Vivianne Perelmuter : Voyage sur une île

© Vivianne Perelmuter

Le pays étant voisin, son histoire relatée dans nos livres d’histoire, entremêlée à la nôtre avec des périodes de conflits et d’autres d’alliances, on arrive moins vierge qu’ailleurs, ou plutôt avec une curiosité balisée. Mais la curiosité n’a que faire de vos balises, elle les envoie valdinguer. Sur le terrain, les représentations préalables trop figées se mettent à vibrer.

Tout commence par le ciel, le weather.

Je trouve ici la lumière la plus douce qu’il m’ait été donné de voir, et tout baigne dans cette lumière – les silhouettes et la brique des maisons et le vert des pelouses.

Loin, si loin de la triste grisaille que je croyais trouver ici. Le gris est au contraire ce point qui redistribue toutes les couleurs, les arrache à l’indifférencié, à la monotonie et la fadeur.

Il y a ces touches de rose, il y a surtout une multitude de bleus – je n’en avais jamais vus autant, tellement qu’on se demande si les yeux pourront en percevoir toutes les nuances, si la mémoire pourra toutes les retenir, d’autant qu’elles fondent les unes dans les autres. Même les nuages sont singuliers, potelés comme les mollets d’un bébé.

Et quand les gens parlent ici, dans le Yorkshire, avec leur accent, on dirait que chacun de leurs mots forme un muffin dans l’air, comme la chenille d’Alice au pays des merveilles formait des lettres en soufflant des volutes de fumée. Leur accent est rond et à la fois tout retenu à l’intérieur de la bouche. Il y a une myriade d’accents et de dialectes dans ce petit pays, et chacun raconte une histoire, des vagues de migrations, des métissages.

On dit que l’accent de cette région est l’un des plus difficiles à comprendre. On dit
aussi que leur langue a conservé de nombreuses expressions du 16ème siècle. Le « british accent » fait sourire ici. Un fantasme, une myopie.

Mais pourquoi ai-je cru que dans un pays au climat froid les gens seraient froids ?

Sur le terrain, le réel vous décentre.

Dans la rue, si vous regardez les passants dans les yeux, on vous sourit, un sourire discret mais franc, ouvert.

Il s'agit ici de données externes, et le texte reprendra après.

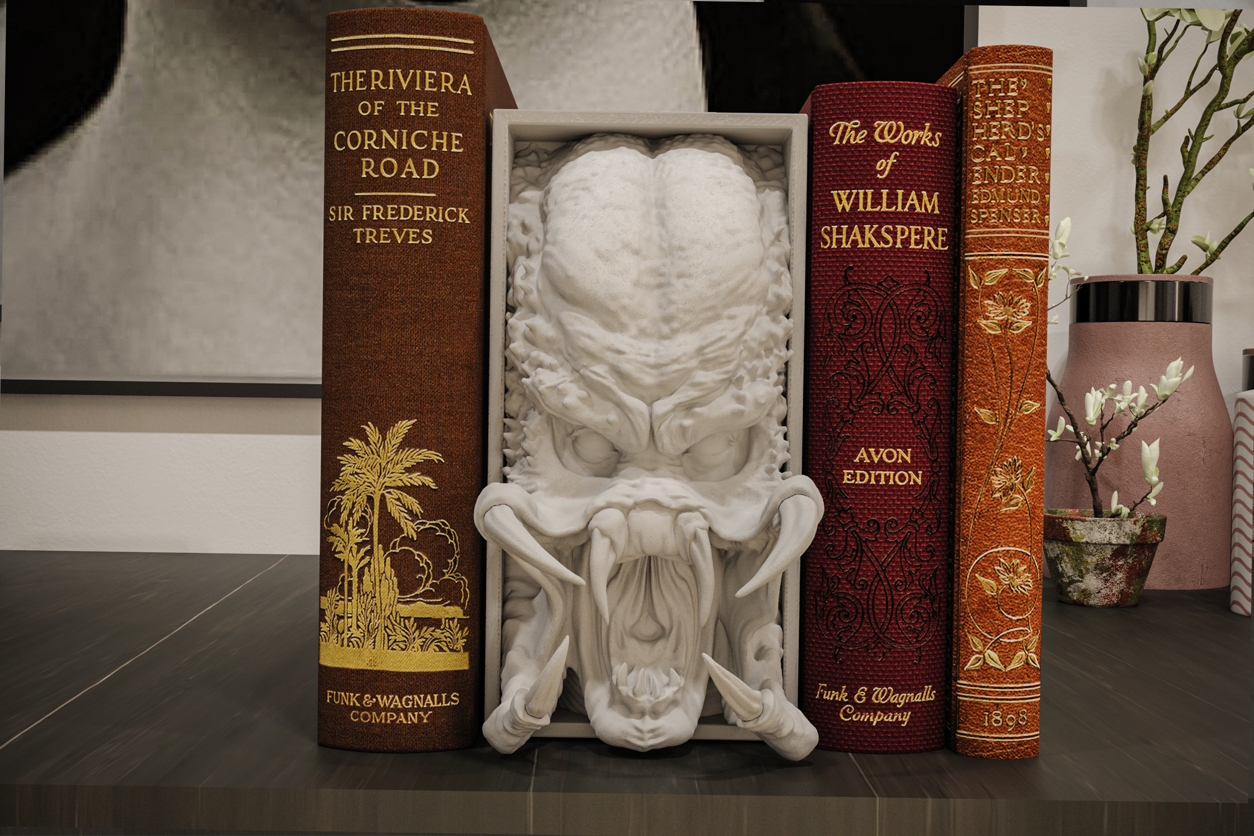 Każdy tom stojący przy tej podpórce nabiera ciężaru starożytnej kroniki o krwawym kodeksie, jakby był reliktem z niezliczonych polowań. To nie jest zwykły przedmiot – to Predator w swojej najbardziej brutalnej i biologicznej chwale. Podpórka nie tylko utrzymuje Twoje książki w ryzach, ale robi to z pierwotną grozą, przypominającą o tym, że nawet na najbezpieczniejszej półce czyha doskonały łowca.
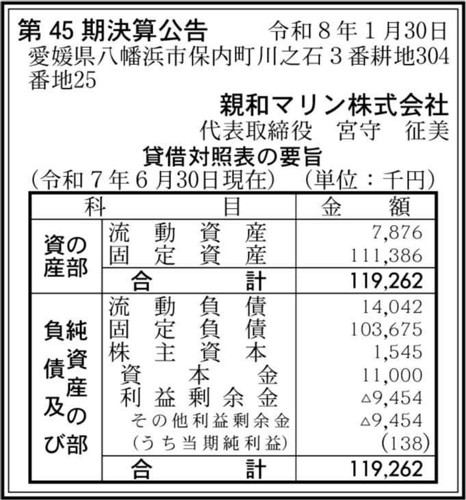 株式会社えひめフーズ 愛媛県八幡浜市 【2025年3月期】 |

Pareil lorsque vous demandez votre route. Quelque chose que je prends pour un sens de l’accueil. Et dans les cafés, les restaurants, et même les supermarchés, on vous adresse de petits mots doux : love, flower, darling.

Cela me rappelle la manière brésilienne d’être. Le Sud et le Nord se croisent. Décidément, la ligne de démarcation des différences et ressemblances ne passe jamais où l’on croit.

Même la misère n’a pas les mêmes signes tangibles, et il est ainsi facile de ne pas la voir.

Je sais que la région a eu un passé minier et que, comme dans le nord de la France, les puits ont fermé dans les années 90.

Un pasteur américain, rencontré dans un café au petit-déjeuner, me confie avoir éprouvé la même désorientation en arrivant il y a deux ans. Il venait de Detroit. « Mais ici les maisons ne sont pas aussi à l’abandon, la ville finance un ravalement de façade tous les dix ans, et dans la rue on ne voit pratiquement aucun SDF. Pourtant, la misère est grande et je n’ai pas connu une telle violence aux USA. Je me sens souvent plus en insécurité ici ».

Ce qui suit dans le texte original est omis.